• **What is being asked**: Can you copy out the data exactly? Leave the images out.
====== Given data
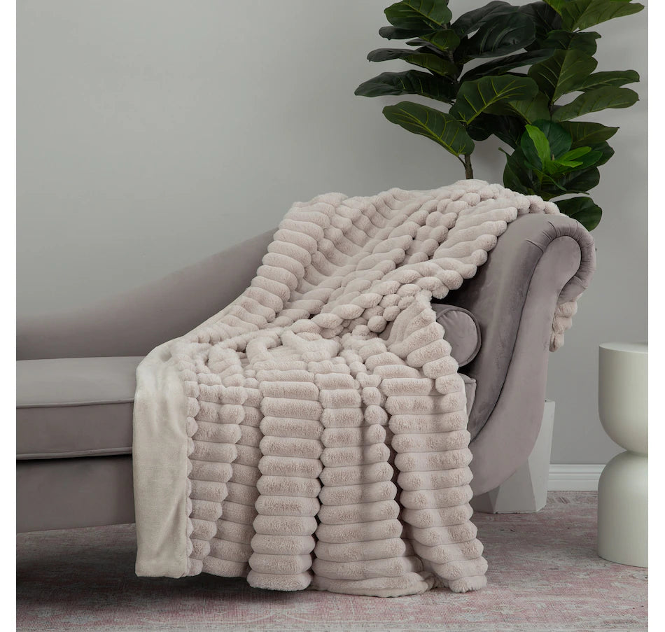 Lounge in luxury with this decadent faux-fur jacquard stripe throw! Manufactured from two of Berkshire Blanket's best selling fabrics, Grace Fur and Velvetsoft, this oversized throw is crafted with high-end materials that offer a silky-soft hand-feel and make you feel like royalty. It also has a beautiful striped texture that gives it some added dimension. Snuggle up to this soft and luxurious throw from Berkshire Blanket, available at a great value through TSC!
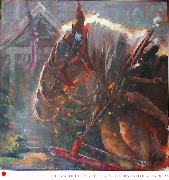 I try my best to select a painting that is for sale instead of one that is already sold, but I just think this is the sweetest painting. This is done by artist Elizabeth Pollie of Harbor Springs, MI. After reading about her, and the different locations that she paints, I was so pleased to see that she paints scenes of Mackinac Island, Michigan! I had vacationed on Mackinac Island this year, and this painting is reminiscent of that trip… This looks like the horses on Mackinac Island. I love the flag in the distance, the light in the horses mane. Excellent. Not typical at all. I often wonder why there aren’t more galleries on Mackinac Island. Why aren’t there artists with easels set up everywhere like on Monhegan Island, Maine? It baffles me. I think it would be an awesome adventure (once my husband retires) to pack up, buy a place on the island and open a gallery. Invite our artist friends to paint on the island and show their work… whoa! Who could pass that up!? I love to dream!
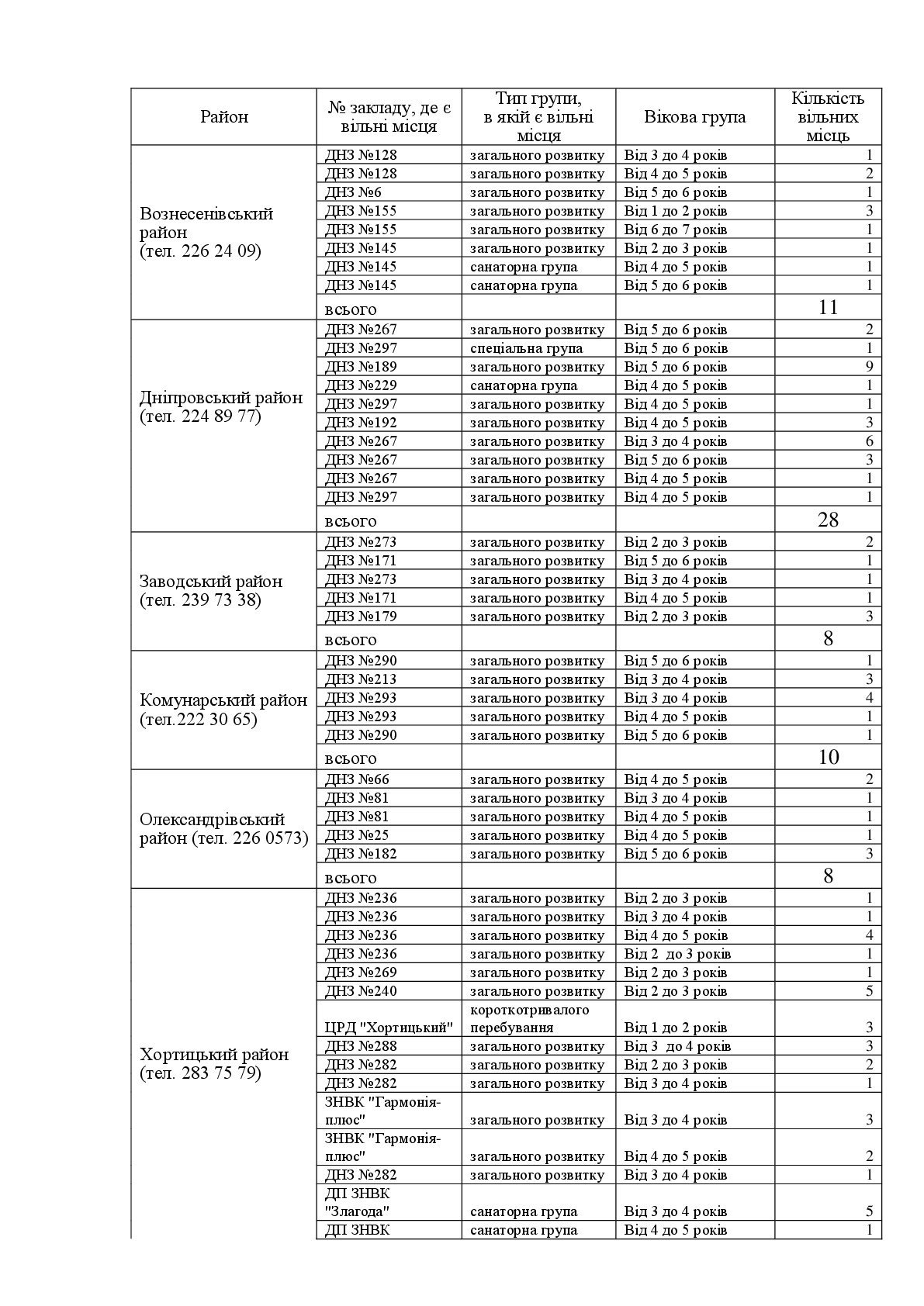 В заведениях Коммунарского района есть 10 свободных мест для детей 3-6 лет. 8 свободных мест есть в Александровском районе. 061.ua »
============
• **Problem solution**:
 Lounge in luxury with this decadent faux-fur jacquard stripe throw! Manufactured from two of Berkshire Blanket's best selling fabrics, Grace Fur and Velvetsoft, this oversized throw is crafted with high-end materials that offer a silky-soft hand-feel and make you feel like royalty. It also has a beautiful striped texture that gives it some added dimension. Snuggle up to this soft and luxurious throw from Berkshire Blanket, available at a great value through TSC!
 I try my best to select a painting that is for sale instead of one that is already sold, but I just think this is the sweetest painting. This is done by artist Elizabeth Pollie of Harbor Springs, MI. After reading about her, and the different locations that she paints, I was so pleased to see that she paints scenes of Mackinac Island, Michigan! I had vacationed on Mackinac Island this year, and this painting is reminiscent of that trip… This looks like the horses on Mackinac Island. I love the flag in the distance, the light in the horses mane. Excellent. Not typical at all. I often wonder why there aren’t more galleries on Mackinac Island. Why aren’t there artists with easels set up everywhere like on Monhegan Island, Maine? It baffles me. I think it would be an awesome adventure (once my husband retires) to pack up, buy a place on the island and open a gallery. Invite our artist friends to paint on the island and show their work… whoa! Who could pass that up!? I love to dream!
 В заведениях Коммунарского района есть 10 свободных мест для детей 3-6 лет. 8 свободных мест есть в Александровском районе. 061.ua »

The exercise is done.